In one portion of the cavernous and almost deserted plant – once one of Europe’s largest – China’s Shanghai Automotive Industry Corporation, owner of the rump MG brand, began making its TF two-seater sports car last year in small numbers for the UK and Ireland, using Chinese and European parts.

The company will not comment on production volumes, but acknowledges they are modest. “It’s not MG Rover numbers – it’s a single model we’re producing,” says Peter Brooking, marketing manager for MG Motor UK.

Most MG cars are now made in China. In 2006, a year after buying rights to the brand from MG Rover’s liquidators, Nanjing Automobile Corporation moved an entire production line from Birmingham halfway across the world in 4,900 shipping containers.

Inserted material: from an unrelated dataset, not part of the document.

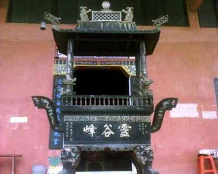 “观音堂”设于两殿之间进门右侧二楼边间,中座是至圣观音,右座自在观音,左座送子观音。堂内可供抽签之用,预知祸福,有求必应,许愿还愿。“天后宫”位于主殿左后方,住房的上层,供奉妈祖。“斗姥宫”在正庙右侧,虽有斗姥天尊之神,但由于灵谷峰面积有限,乃沿1950年前的旧习,拓为会议、会客、休息、住持大师卧室,置桌椅、茶水以饷来者,宫后设置天然水柜、厨房、饭厅,供来者及服务人员漱洗进膳之用,并有住房四间,储藏室一间,供来山者住宿之用。“怀恩堂”设在观音塔底,供奉着地藏菩萨。“观音塔”建在怀恩堂之顶上,天后宫左则,上塑三面观音像。观音菩萨全身及塔层以七彩灯泡点辍,观音菩萨正面雄视抚州市区,右面向着金溪,左面向着东乡,意为观音菩萨泽被三县。从地面至像顶共31.5米高。

SAIC, which has since taken over NAC, also bought rights to some Rover models, made now under the Roewe brand.

Notwithstanding the much-diminished output at Longbridge – or the thousands of jobs lost when MG Rover collapsed – other marques from its erstwhile portfolio are thriving under different ownership.

BMW has expanded annual production of the Mini to more than 200,000 cars, from only about 12,000 a year before the Munich carmaker bought it. It now employs about 3,500 people, from a few hundred when MG Rover owned it.

Norbert Reithofer, BMW’s chief executive, announced plans last week to bring production of two new models to the brand’s plant in Cowley near Oxford in a move expected to create 1,000 or more jobs.

Land Rover, sold to Ford Motor and then to Tata Motors last year, has arguably also fared better under a new owner. It recorded its highest sales yet in 2007, as Ford was selling it.

Sales figures have wilted over the past year – down 38 per cent in the first half of 2009 on a year ago – but together with Jaguar it remains one of Britain’s largest carmakers.

“There is a strong argument to say that even if you take into account the sad demise of MG Rover, the UK motor industry is much better off than it was,” says Paul Everitt, chief executive of the Society of Motor Manufacturers and Traders.